Connolly interviewed doctoral students who told him that they wanted to emulate their favorite teachers, and enrolled in doctoral programs hoping that they could excel in research as well as teaching. “But what many of my study participants really learned during grad school about teaching was how little it is valued,” he said. The students got the message that being a good researcher is not compatible with being a good teacher, and that a deep interest in teaching could be interpreted by some as a sign of a second-rate researcher, Connolly said.

One way to solve this conundrum of mismatched expectations might be to steer students toward teaching development activities, he says, but that is dependent on faculty advisers and the prevailing "climate" in a department.

“As for whether science Ph.D. programs are or are not encouraging people to consider academe as a profession, I think faculty at these distinguished research universities still prefer that their doctoral advisees become just like them; that is, the faculty have an almost irrepressible urge to replicate themselves through their doctoral advisees’ careers,” Connolly wrote in the e-mail. “Nearly every other career option, if not considered heretical, is probably an afterthought to the faculty.”

Chris Golde, associate vice provost for graduate education at Stanford University, has served as a research director for the Carnegie Initiative on the Doctorate.
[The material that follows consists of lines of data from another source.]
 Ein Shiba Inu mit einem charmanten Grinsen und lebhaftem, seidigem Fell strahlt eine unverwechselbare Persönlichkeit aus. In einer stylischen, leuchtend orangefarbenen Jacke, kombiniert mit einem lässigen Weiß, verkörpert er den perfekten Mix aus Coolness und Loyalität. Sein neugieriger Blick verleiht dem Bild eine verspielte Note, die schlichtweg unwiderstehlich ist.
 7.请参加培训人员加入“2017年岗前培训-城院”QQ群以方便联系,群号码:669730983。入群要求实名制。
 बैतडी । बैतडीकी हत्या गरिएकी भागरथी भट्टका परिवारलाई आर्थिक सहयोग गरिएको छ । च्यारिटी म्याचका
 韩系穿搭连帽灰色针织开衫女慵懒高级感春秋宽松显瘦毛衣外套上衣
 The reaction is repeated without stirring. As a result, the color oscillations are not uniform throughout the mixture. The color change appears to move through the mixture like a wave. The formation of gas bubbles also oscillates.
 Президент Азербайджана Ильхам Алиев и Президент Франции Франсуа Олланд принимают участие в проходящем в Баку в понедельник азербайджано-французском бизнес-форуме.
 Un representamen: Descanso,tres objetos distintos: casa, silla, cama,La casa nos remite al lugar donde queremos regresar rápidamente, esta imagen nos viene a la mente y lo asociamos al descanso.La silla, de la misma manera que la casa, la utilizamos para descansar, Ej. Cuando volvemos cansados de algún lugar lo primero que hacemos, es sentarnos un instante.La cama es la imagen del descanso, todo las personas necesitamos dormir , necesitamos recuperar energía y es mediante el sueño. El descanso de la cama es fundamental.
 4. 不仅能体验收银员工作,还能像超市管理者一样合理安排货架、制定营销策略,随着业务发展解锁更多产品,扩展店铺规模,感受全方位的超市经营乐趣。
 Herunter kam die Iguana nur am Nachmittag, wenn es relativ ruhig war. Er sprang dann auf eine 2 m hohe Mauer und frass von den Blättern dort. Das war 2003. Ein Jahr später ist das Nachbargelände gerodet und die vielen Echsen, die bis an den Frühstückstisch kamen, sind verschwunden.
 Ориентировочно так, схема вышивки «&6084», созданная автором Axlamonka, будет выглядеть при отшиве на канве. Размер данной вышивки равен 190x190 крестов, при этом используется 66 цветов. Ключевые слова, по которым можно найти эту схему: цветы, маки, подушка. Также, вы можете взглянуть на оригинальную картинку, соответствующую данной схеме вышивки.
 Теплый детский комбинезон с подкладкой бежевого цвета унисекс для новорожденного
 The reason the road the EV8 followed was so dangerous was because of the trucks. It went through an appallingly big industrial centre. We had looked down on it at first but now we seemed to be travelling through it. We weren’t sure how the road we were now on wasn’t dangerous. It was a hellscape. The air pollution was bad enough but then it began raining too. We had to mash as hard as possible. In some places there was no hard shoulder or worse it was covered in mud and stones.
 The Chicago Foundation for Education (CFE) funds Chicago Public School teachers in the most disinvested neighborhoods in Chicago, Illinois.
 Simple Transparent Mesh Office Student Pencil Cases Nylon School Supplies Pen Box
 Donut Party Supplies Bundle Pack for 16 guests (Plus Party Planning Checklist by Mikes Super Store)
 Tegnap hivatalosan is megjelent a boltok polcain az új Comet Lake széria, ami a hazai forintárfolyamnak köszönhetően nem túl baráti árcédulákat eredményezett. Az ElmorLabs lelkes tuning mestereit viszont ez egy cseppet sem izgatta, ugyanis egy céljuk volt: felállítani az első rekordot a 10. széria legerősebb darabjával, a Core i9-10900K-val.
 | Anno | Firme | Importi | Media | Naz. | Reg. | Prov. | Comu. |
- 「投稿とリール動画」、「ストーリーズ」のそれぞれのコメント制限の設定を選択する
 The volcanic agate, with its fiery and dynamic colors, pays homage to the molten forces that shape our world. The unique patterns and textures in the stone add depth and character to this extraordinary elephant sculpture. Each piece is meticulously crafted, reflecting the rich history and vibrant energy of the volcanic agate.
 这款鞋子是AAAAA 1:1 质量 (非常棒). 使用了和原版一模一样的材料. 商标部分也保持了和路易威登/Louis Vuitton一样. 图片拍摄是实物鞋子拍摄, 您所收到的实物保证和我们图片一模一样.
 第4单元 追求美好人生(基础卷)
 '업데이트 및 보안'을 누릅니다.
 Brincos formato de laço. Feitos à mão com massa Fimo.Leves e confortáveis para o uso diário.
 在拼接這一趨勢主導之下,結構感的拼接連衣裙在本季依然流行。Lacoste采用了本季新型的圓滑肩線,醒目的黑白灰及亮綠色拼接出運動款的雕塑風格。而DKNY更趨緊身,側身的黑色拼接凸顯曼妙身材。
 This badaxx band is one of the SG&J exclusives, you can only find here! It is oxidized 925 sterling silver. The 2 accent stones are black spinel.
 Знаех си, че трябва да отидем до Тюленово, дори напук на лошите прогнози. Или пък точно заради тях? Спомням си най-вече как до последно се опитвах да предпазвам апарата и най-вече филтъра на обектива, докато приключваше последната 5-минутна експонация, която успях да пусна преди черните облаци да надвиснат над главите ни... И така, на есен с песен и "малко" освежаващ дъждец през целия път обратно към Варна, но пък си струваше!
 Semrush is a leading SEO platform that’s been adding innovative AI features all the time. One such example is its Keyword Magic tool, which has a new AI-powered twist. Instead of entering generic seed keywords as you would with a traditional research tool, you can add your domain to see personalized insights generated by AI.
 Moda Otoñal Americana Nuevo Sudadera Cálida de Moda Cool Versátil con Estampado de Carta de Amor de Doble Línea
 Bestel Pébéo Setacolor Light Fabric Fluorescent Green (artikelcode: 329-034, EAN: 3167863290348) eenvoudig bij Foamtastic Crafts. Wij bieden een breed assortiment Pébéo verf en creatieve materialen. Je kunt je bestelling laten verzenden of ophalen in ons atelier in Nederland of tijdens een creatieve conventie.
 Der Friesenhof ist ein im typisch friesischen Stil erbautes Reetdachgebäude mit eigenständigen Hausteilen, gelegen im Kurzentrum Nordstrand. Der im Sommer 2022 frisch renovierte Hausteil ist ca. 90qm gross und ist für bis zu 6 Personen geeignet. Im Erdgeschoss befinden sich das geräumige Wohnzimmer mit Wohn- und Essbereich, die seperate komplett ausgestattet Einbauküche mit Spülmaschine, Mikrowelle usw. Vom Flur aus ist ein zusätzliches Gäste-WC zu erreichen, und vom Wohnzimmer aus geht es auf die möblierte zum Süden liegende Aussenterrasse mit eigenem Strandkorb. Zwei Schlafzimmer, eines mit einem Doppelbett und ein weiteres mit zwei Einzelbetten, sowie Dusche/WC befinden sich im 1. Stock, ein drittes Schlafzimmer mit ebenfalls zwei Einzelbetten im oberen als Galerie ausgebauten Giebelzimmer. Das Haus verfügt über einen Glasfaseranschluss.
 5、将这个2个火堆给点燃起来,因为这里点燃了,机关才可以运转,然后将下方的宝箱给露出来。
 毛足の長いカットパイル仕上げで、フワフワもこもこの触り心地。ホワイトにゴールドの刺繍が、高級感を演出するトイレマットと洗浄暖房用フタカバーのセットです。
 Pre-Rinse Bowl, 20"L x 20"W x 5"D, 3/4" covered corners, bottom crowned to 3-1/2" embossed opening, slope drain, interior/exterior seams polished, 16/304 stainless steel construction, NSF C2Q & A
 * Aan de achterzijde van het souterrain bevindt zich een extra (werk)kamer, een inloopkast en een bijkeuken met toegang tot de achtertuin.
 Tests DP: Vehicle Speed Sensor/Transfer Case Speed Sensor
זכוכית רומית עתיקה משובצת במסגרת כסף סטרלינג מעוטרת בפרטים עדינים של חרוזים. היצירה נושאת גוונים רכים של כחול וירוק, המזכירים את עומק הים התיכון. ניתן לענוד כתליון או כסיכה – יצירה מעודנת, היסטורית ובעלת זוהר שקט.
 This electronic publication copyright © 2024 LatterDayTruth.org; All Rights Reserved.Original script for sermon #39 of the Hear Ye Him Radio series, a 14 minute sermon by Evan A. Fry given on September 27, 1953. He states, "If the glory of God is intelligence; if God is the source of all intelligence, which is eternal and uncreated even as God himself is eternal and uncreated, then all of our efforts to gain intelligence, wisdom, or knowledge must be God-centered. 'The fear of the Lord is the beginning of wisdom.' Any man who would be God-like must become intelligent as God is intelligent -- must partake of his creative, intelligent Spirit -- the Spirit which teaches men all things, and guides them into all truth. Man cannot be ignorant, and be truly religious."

She said in an e-mail that she was not surprised by the findings, and that other surveys over the years have reached similar conclusions. “The larger point is that these findings have been with us for some time,” she said “But as we all know, change in academia is incremental, not revolutionary.”

Golde, who is also on the advisory board of Connolly’s study, said many universities have been working for years to prepare doctoral students for a career or skills development. She mentioned the Preparing Future Faculty program that was launched in 1993 by the Council of Graduate Schools and the Association of American Colleges and Universities.

But although many faculty members agree with these efforts, there are some holdouts, she said. “For their part, many students may be reluctant to initiate conversations about career paths, because they are apprehensive about the possible negative consequences,” Golde said. “I believe that more [students] are fearful than need to be, but I understand why they worry.”